Si cette procédure semble inspirée de l’action de groupe, elle reste différente. En effet, à la différence de l’action de groupe qui ne concerne actuellement que certains domaines précis, notamment la santé, la discrimination, l’environnement et les données à caractère personnel, la décision «pilote», ne serait pas directement appliquée aux affaires mises en suspens et les différentes actions ne constitueraient pas une seule et même action. En effet, dans le cadre de la procédure de l’«arrêt pilote», les demandeurs seraient amenés à agir et à saisir la juridiction compétente séparément. Or, en droit français, une décision rendue par une juridiction ne s’impose qu’aux parties au procès, le juge ne pourrait donc pas appliquer une décision à des personnes non parties au litige.
Alors que devant la CEDH, les Etats sont invités à prendre des mesures générales de redressement concernant tous les individus, en France, cette procédure permettrait d’inciter les parties à résoudre leur différend amiablement et en cas d’échec de la médiation, le juge saisi pourrait facilement s’appuyer sur une solution déjà connue.
III. Les avantages que présente la procédure de l’«arrêt pilote»

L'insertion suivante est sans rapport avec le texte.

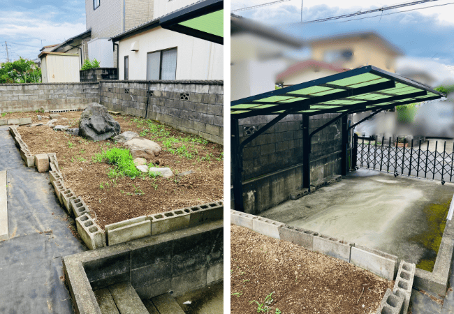 雑草がほとんどない庭と、今も使われているような佇まいのカーポート

En France, de nombreuses juridictions sont saisies de dossiers répétitifs, c’est notamment le cas des cours d’appels et des conseils des prud’hommes, comme l’indique le rapport d’activité 2015 de l’inspection générale des services judiciaires. La création de cette procédure en France aurait donc pour but de simplifier les procédures et éviter les contentieux de masse. Les parties seraient donc plus facilement amenées à transiger au regard de l’arrêt rendu par le juge et les charges des magistrats se verraient considérablement allégées.

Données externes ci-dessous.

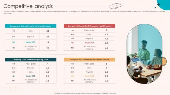 This slide covers comparison of the company with the top competitor based on different factors. The purpose of this template is to provide an overview on basis such as net promoter score, pricing scores, product quality, customer service, etc. Want to ace your presentation in front of a live audience Our Competitive Analysis Retail Merchandising Company Investor Funding Elevator Pitch Deck Ppt Slides can help you do that by engaging all the users towards you. Slidegeeks experts have put their efforts and expertise into creating these impeccable powerpoint presentations so that you can communicate your ideas clearly. Moreover, all the templates are customizable, and easy-to-edit and downloadable. Use these for both personal and commercial use.

Cette procédure ne changerait pas pour autant la pratique des professionnels qui ont déjà pour habitude de transiger dans de nombreuses affaires, cela leur permettrait cependant de mettre en pratique d’autres modes alternatifs de règlement qui sont actuellement très peu utilisés tels que la médiation et surtout d’avoir une solution connue permettant de transiger plus rapidement.
Il est certain que l’application de cette procédure en droit interne permettrait de désengorger les tribunaux et d’éviter aux parties d’engager des procédures longues et coûteuses. Cependant, il reste à savoir si la chancellerie accueillera la demande faite par Jean-Michel Hayat et le cas échéant les conditions de mise en œuvre de cette procédure. Pour le moment, le projet de loi de programmation pour la Justice 2018-2022, qui a été présenté en Conseil des Ministres le 20 avril dernier, reprend en grande partie les propositions qui avaient été faites dans les rapports initiaux, mais ne semble pas prévoir la mise en place d’une telle procédure alors que le rapport de Frédérique Agostini et Nicolas Molfessis encourageait également la mise en place d’un tel mécanisme afin de gérer au mieux les dossiers «sériels».
Ces propositions vont, cependant, dans le sens de la pratique actuelle qui est de réduire le nombre de contentieux mais aussi des propositions des chantiers de la justice qui souhaitent voir appliquer une obligation préalable de recourir à un mode amiable de règlement des litiges à peine d’irrecevabilité de la demande et ce, à tous les stades de la procédure. En effet, alors que la tentative préalable obligatoire de résolution amiable est pour le moment prévue que pour les litiges introduits devant le tribunal d’instance, l’article 2 du projet de loi prévoit de l’étendre à tous les litiges dont la demande tend au paiement d’une somme n’excédant pas un certain montant qui sera fixé par décret en Conseil d’Etat et aux litiges de conflit de voisinage.